The activity of EndoS on IgG has obvious benefits for S. pyogenes expressing this enzyme with potential modulation and/or evasion of an IgG-mediated response against the bacteria. We have previously demonstrated that EndoS treatment of human opsonizing IgG antibodies directed towards the cell-wall anchored M protein significantly enhances the bacterial survival in blood [26]. Therefore, in the context of an intact infecting S. pyogenes, EndoS is a potentially harmful molecule to the human host that contributes to the bacterial virulence. In contrast to this, the purified form of EndoS has substantial potential as a biotechnological tool and/or a therapeutical agent that could be beneficial for future experimental science and possibly also health care.

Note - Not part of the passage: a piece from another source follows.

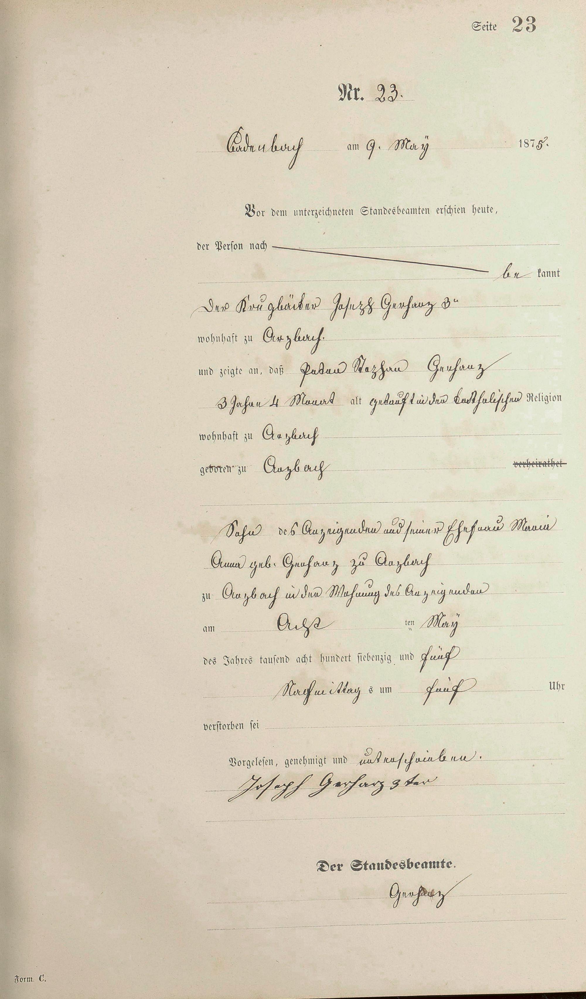 Sterberegister 1875

Our results reveal that EndoS possesses a capacity to inhibit the IgG binding to FcγRs and detach IgG bound to FcγRs on cell surfaces. We have recently been able to show that pre-treatment of arthritogenic antibodies abrogates development of arthritis in a mouse model of collagen-induced arthritis [31]. This suggests that EndoS may have potential for being further developed as a therapeutical agent in other antibody-mediated autoimmune disorders.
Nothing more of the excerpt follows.